The two romanizing schemes for Sinhala and Tamil languages presented here are intuitive to learn. They are specially designed to make it easy to input to a computer using the regular QWERTY keyboard. This makes them comparable to the western European languages. Presently both these languages have Unicode based code blocks. That solution has introduced a permanent problem of isolating the indigenous speakers of these languages from benefiting from the advances in information technologies. Especially the Sinhalese being a small and poor group does not have the economies of scale to sustain a Sinhala-only computer user community. Romanizing releases these communities to the open world of Internet users expanding their horizons. Pali and Sanskrit are subsets of Sinhala and would benefit from it by becoming accessible to the wider world community.


Inventors: Ahangama; Jayantha Chandrakumara; (Mansfield, TX)
Correspondence Address:
    J. C. Ahangama
    303 Londonderry Lane
    Mansfield
    TX
    76063
    US
Family ID: 38878352
Appl. No.: 11/428383
Filed: July 1, 2006

Current U.S. Class: 715/264
Current CPC Class: G06F 3/0202 20130101
Class at Publication: 715/535
International Class: G06F 17/00 20060101 G06F017/00

Claims



1. The Sinhala transliteration scheme provides an alternative alphabet for the Sinhala language that is both practical to use and able to completely and comprehensively replace the traditional script of the language. It is a lossless mapping of all known base characters of the Sinhala alphabet, which includes Pali and Sanskrit. In the case of Sanskrit two rare allophones of one character is also given making it able to transliterate the oldest Sanskrit texts. The Latin characters used are drawn from the US-international keyboard used in Microsoft Windows.RTM. based computers and others that have compatible keyboard layouts. This makes it possible to use even Pali and Sanskrit in email messages without fear of degradation. Fonts could be designed for characters of traditional script mapping the Latin Unicode code points.

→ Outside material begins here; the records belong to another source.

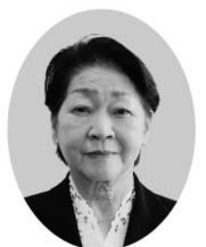
高倉 真弓 議員

オンライン授業を希望する場合、1人1台の端末を使用し、オンラインで通常の授業や、学習が家庭や別室等で受けることができ、学習保障において、非常に重要な役割を果たしており、現在、希望があった5名の児童生徒がオンライン授業を活用している。集団授業に抵抗がある児童生徒にとって、心理的に安心できる環境で学ぶことができ、学習の保障と合わせて効果的な取り組みとなっており、オンライン授業等を活用した5名の生徒については、全員出席扱いとなっている。
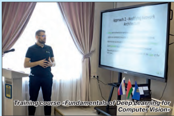
Training course «Fundamentals of Deep Learning for Computer Vision»

курс детского рисунка «Я рисую науку», на которую было заявлено более 400 работ, 123 из них вышли в финал. Победителями стали:
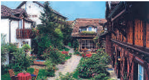
14 Hotel zur Krone, Auggen

25 D-79597 SCHALLBACH A 5 ab ABD Weil → Lörrach (A 98), Ausfahrt 4 Kandern 3 km → Rümningen, Ortsmitte links → Schallbach Hotel Garni Alte Post (☆☆) familiär geführtes Haus, ruhige Lage kurz vor der Schweizer Grenze, 5 EZ ab € 66,-, 11 DZ ab € 96,-, inkl. Frühstück (Preise bei Messe nicht gültig), alle Zi mit Du, WC, ☎, TV und WLAN, teils Balkon, 15 Autominuten zur Messe und Innenstadt von Basel, Restaurants befinden sich in näherer Umgebung, P, Alte Poststr. 19, info@gasthof-altepost.de, www.gasthof-altepost.de, ☎ +49 7621 940949-0, Fax 940949-33.
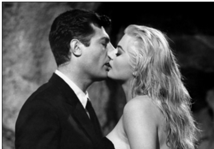
La dolce vita (Federico Fellini, 1960).
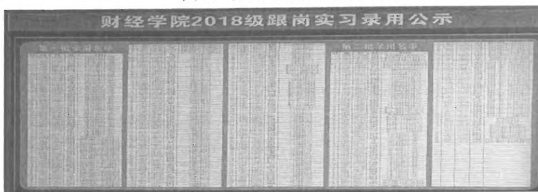
图 8：校外实践基地录用学生情况
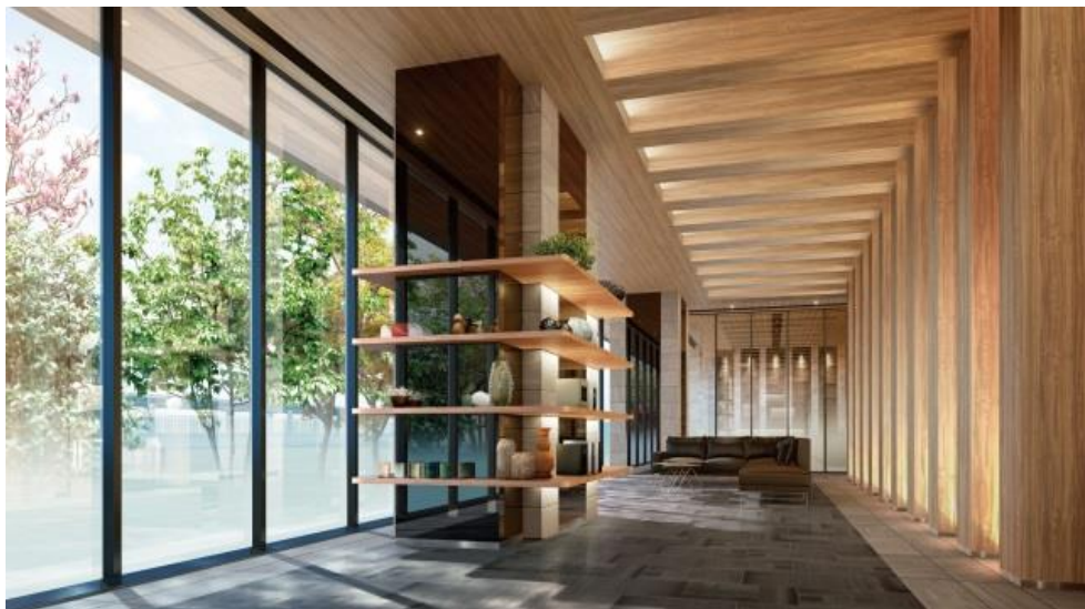
▲ラウンジ完成予想CG
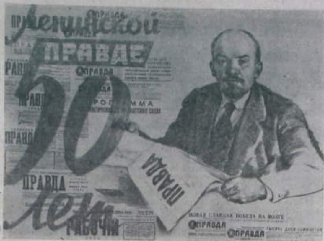
Плакат художника И. Гринштейна (ИЗОГИЗ).
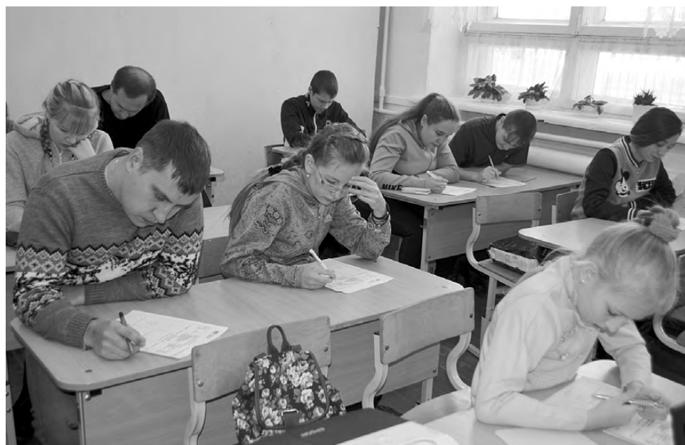
Все желающие могли написать географический диктант в режиме онлайн на сайте Русского географического общества.

Действительно, задания были видны не только на бумаге, но и на экране проектора. Каждое воспроизводилось с помощью
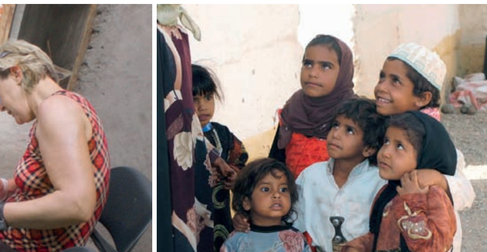
Copii din Yemen.
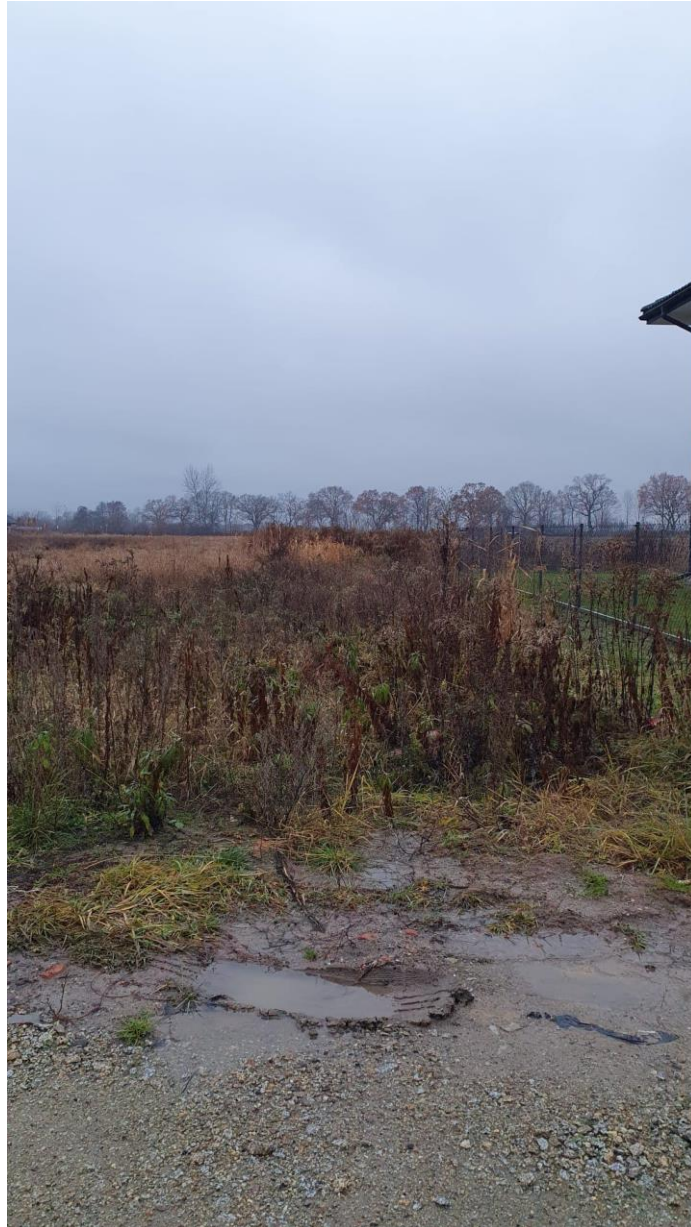
Fot. 8. Ulica Malinowa
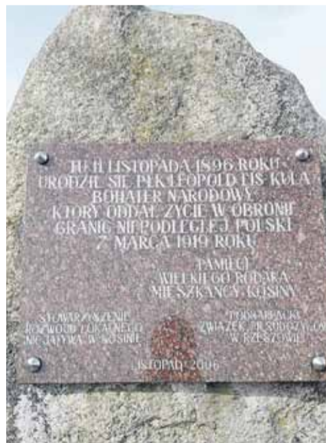
Obelisk upamiętniający płk. Lisa-Kulę znajduje się w Kosinie w miejscu rodzinnego domu bohatera

zmarł. Młoda armia polska straciła jednego z najlepszych swych bohaterów”. Pośmiertnie odznaczony został Krzyżem Virtuti Militari i Krzyżem Niepodległości. „Ciało Leopolda Lisa-Kuli, który tuż przed śmiercią mianowany został podpułkownikiem, przewieziono pociągiem do Warszawy. Trumnę, wśród setek innych, ozdobił wieniec z szarfą: „Memu dzielnemu chłopcu – Józef Piłsudski”. Po mszy żałobnej odbyła się manifestacja patriotyczna na Placu Saskim. W asyście dwóch szwadronów kawalerii, dwóch kompanii piechoty oraz wojskowej orkiestry, dębowa trumna została przewieziona na armatniej lawecie na Dworzec Wiedeński.
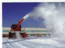
哈尔滨太平国际机场

2. The Tamil transliteration provides an alternative to the Tamil Unicode code page based character set. It is useful on a computer that is not configured to use Tamil Unicode page based fonts. Fonts could be designed to incorporate Sanskrit characters to be used with Tamil using the transliteration mappings given in the tables herein.
Description



ROMANIZING

[0001] In this document, romanizing means that the underlying Unicode code points used for the language scripts would be within the Unicode Latin code charts. It does not advocate the abandonment of the traditional scripts. On the contrary, it provides a technologically superior way to conserve, manipulate and share texts of these languages, Pali, and Sanskrit that are subsets of Sinhala alphabet.

[0002] According to the Unicode Consortium, code points are only numbers that do not specify glyphs or shapes of alphabetic characters. These code points are designated names for what they are supposed to represent. For example, the LATIN CAPITAL LETTER A is the name of one of these. SINHALA LETTER A is another.

[0003] The latter is for the letter in the Sinhala alphabet that represents a similar sound that most languages use the former for. Though SINHALA LETTER A is specific for Sinhala, LATIN CAPITAL LETTER A is shared among many languages.

[0004] Perhaps the major reason for allocating different code pages for different languages is that it allows the same font to support two or more languages in the same font. For Example, a Unicode compliant font could have Latin characters in addition to Sinhala. The user would switch code pages by switching the keyboard layout.

[0005] However, a user to be able to use two languages sitting at different Unicode code blocks requires the computer to be reconfigured with special software. Besides, mostly people use one language to the exclusion of the other at a time. Since Latin has a greater variety of fonts, the user prefers to find the ideal one when using English, defeating the purpose of the font having more than one language.

[0006] It would be impossible for a computer configured for Unicode Sinhala or Tamil to communicate in that language with a computer that does not have such changes made to it. In effect, opting to use Unicode Sinhala/Tamil effectively isolates Sinhala/Tamil users to a special set of computers making others unable to communicate with them in those languages.

[0007] Our romanizing schemes give the same benefits that Latin alphabet users have to users of Sinhala and Tamil scripts. The advantage of using Latin code points is that those languages are able to exist virtually anywhere, as Latin character set is native to computers. A web page presumes ISO-8859-1 character set (Latin-1) if no other character set is specified. On the other hand, the special Unicode characters given to say, Sinhala cannot be expected to be supported on some arbitrary computer, at least not with the ease and comfort that Latin based alphabets enjoy. That also means that to be able to read web pages in Sinhala or Tamil the user's computer should already have those fonts and browser support.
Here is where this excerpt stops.